Resolution Enhancement of Total Focusing Imaging Combining with Autoregressive Spectral Extrapolation

doi:10.3901/JME.2020.22.008

Abstract

Abstract: The defects with close spacing are difficult to be distinguished by ultrasonic imaging with total focusing method(TFM). Autoregressive spectrum extrapolation with low-order and wide effective frequency band is introduced to compress the pulse width in time domain, achieving subwavelength resolution imaging of TFM. Two preset side-drilled holes having 1.8 mm center distance and 1.3 mm diameter in the simulated model of carbon steel are detected by array probe with 2.25 MHz center frequency and 32 elements. Focusing on full matrix capture, taking 2-order and the width of frequency window represented a 14 dB drop from the maximum amplitude of spectrum, and the autoregressive model is established to extrapolate the high-frequency and low-frequency components beyond effective frequency band. Then, the delay-and-sum algorithm is implemented on the processed full matrix capture data to obtain the TFM image. The simulated results indicated that the combination of TFM and autoregressive spectrum extrapolation with low-order and wide effective frequency band had high robustness and accuracy, so as to effectively separate adjacent defects with center distance of 0.7λ (λ is ultrasonic wavelength). The positioning error is no more than 0.73% while retaining the lateral resolution. Finally, side-drilled holes having 1.8 mm center distance are calculated with the same testing parameters in experiment, and the positioning error is no more than 1.06%, effectively improving imaging resolution of TFM.

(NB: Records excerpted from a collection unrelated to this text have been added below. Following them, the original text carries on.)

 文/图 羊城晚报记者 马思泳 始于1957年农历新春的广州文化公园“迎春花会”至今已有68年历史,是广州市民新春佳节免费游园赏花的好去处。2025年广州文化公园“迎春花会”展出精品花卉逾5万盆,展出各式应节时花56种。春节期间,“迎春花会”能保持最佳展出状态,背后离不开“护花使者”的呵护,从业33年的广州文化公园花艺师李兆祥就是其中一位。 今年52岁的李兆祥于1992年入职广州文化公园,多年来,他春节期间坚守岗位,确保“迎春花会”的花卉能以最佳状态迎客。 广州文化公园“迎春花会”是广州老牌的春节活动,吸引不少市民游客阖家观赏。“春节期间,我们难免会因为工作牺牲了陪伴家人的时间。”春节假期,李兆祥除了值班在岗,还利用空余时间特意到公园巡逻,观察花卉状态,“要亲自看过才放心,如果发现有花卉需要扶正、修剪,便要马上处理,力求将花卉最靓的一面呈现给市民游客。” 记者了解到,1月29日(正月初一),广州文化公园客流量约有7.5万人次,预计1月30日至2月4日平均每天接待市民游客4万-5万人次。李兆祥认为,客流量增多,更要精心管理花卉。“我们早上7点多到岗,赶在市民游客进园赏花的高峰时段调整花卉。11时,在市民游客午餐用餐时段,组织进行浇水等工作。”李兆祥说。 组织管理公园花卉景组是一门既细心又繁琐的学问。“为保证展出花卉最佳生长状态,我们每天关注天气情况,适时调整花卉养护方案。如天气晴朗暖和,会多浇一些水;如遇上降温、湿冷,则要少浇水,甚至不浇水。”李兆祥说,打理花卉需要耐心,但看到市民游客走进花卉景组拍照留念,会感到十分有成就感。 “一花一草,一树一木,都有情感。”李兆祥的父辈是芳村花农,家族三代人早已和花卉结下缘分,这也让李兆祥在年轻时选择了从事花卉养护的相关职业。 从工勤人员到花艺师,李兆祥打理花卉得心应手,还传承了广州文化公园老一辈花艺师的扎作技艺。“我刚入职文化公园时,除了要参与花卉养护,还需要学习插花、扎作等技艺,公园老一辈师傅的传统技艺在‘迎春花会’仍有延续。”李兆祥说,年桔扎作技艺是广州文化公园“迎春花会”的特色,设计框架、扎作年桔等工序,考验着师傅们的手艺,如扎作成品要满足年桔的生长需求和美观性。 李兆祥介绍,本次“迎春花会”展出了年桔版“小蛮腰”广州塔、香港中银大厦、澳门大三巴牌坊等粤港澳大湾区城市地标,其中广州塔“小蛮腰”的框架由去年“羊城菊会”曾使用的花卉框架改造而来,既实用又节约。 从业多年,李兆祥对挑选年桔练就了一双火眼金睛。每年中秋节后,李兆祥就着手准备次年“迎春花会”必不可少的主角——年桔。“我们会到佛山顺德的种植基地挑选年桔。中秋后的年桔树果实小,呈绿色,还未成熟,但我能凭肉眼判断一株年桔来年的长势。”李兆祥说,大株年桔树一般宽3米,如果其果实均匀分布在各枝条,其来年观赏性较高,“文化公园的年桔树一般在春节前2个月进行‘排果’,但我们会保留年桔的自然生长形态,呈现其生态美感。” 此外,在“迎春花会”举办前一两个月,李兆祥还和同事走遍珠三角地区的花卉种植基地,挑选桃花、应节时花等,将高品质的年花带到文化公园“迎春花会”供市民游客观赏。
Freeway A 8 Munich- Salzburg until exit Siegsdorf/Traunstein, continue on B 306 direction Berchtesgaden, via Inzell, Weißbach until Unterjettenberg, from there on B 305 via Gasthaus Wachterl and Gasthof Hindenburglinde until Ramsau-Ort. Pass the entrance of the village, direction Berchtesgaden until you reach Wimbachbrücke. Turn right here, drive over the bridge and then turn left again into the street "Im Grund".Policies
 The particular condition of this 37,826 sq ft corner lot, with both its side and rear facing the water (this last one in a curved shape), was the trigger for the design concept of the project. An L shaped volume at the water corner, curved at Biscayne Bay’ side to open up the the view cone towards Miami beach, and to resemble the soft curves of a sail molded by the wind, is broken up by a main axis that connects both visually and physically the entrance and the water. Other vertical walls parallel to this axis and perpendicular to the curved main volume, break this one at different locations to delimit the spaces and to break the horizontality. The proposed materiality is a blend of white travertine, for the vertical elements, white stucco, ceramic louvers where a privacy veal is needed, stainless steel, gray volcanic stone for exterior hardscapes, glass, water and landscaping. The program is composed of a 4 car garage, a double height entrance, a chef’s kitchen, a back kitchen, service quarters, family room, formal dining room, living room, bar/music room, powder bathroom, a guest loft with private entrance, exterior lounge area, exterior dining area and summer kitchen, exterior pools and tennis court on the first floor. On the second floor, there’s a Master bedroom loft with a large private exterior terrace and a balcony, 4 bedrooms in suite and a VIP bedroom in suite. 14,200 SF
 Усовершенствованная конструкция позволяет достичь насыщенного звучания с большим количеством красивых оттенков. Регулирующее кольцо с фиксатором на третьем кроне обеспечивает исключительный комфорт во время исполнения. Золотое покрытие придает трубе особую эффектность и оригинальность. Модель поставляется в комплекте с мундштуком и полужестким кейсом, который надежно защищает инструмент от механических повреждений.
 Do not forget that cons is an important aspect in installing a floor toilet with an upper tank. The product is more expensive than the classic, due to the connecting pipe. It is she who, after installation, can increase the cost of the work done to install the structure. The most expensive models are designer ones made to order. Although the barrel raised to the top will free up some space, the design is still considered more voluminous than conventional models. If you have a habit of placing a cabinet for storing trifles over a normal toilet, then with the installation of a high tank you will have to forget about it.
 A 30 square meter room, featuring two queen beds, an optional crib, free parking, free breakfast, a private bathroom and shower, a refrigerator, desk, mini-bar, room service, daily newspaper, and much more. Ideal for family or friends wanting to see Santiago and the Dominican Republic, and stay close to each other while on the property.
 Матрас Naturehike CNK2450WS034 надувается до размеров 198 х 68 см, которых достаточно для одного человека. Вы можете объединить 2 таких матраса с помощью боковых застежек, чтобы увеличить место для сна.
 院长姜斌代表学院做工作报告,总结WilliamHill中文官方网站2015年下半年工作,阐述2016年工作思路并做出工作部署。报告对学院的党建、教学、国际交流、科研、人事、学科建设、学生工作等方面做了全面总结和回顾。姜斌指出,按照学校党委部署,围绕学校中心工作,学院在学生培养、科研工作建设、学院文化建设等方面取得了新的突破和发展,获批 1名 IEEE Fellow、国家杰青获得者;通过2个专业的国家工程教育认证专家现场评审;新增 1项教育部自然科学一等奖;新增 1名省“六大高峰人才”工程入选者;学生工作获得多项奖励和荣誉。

Key words: ultrasonic detection, total focusing method, autoregressive spectrum extrapolation, imaging resolution

CLC Number:

TG115

LIN Li, SHI Siqi, SUN Xu, MA Zhiyuan, ZHANG Xiaofeng, LIU Lili, JIN Shijie. Resolution Enhancement of Total Focusing Imaging Combining with Autoregressive Spectral Extrapolation[J]. Journal of Mechanical Engineering, 2020, 56(22): 8-13,23.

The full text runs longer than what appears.